It's hard to estimate how long I was out in the desert night. I had been thrown through the windshield (safety glass not being that good in those days) since when the car was towed in it was completely pancaked, and if I had not been so, I would have died in it. This was only possible because I was NOT wearing my seat belt, due to being scared from a sleep state at the rest stop before.

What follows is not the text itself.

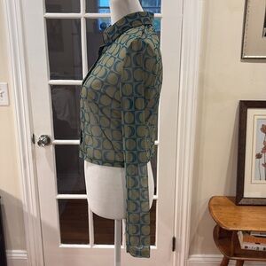 Pull & Bear green and blue geometric design sheet button down cropped shirt. Size M. Measurements are 18” from armpit to armpit and 17” long.

I do remember coming to at some point, feeling unable to move for a few seconds, and then an indescribable wave of pain knocked me out again. The next thing I saw was a man leaning over me saying "hang on, they're on their way, tell them it was a deer."
"Deer?" I replied. "No, it was rabbits." In the snapshot I saw before the crash, jackrabbits had come scattering out of the brush the car was rolling into.
The ambulance ride seemed forever. The pain was so great that I considered maybe dying was so bad of an option. I didn't know at the time I was quite unstable, with significant bleeding internally. After the assessment with x-rays and lab they put me in intensive care, and thankfully by this point the morphine had dulled the pain. The inventory was staggering - I was in critical condition with a fractured skull, severe concussion, ruptured spleen, kidney damage, three vertebrae cracked with a giant hematoma on my back the size of a large backpack, a broken scapula and nerve damage all over my back. My dad flew in from New York and the concern he wore on his face as I drifted in and out of awareness told me how iffy things were those first few days. After 48 hours, doctors told us the worst was over and I was now stable. My dad flew back, and bits and pieces of what had happened both on the physical and spiritual level began to re-emerge, and these continued over the next several months until I was able to piece together the full import of the event. More on this in my extended postscript.
After four more days, the doctors in Arizona felt I was stable enough to travel, and so the Air Force sent an ambulance to transport me first to the base at Las Vegas, then a few days later I flew on the medical flight to Travis. My recovery was long and quite painful. They weaned me off the morphine after a week, and my pain management was then by pills, which would cut the top off the pain but not the misery. The lump due to the hematoma on my back was enormous, and was the topic of conversations as many doctors were paraded around to look at it. One told me he had seen pictures of such a tissue injury in books, but never in real life until my case. After another nine days of boredom in the hospital ward, making my total stay in care over two weeks, I was allowed to walk out a somewhat free man, and though I still moved somewhat creaky and tentatively, I managed to navigate around on foot to the several administrative destinations to process in to the base and be assigned my dorm room. My baggage that was left intact from the wreck was waiting for me there and irony of ironies inside one of the boxes was the bowling ball I had last seen flying through the air as the Subaru flipped over!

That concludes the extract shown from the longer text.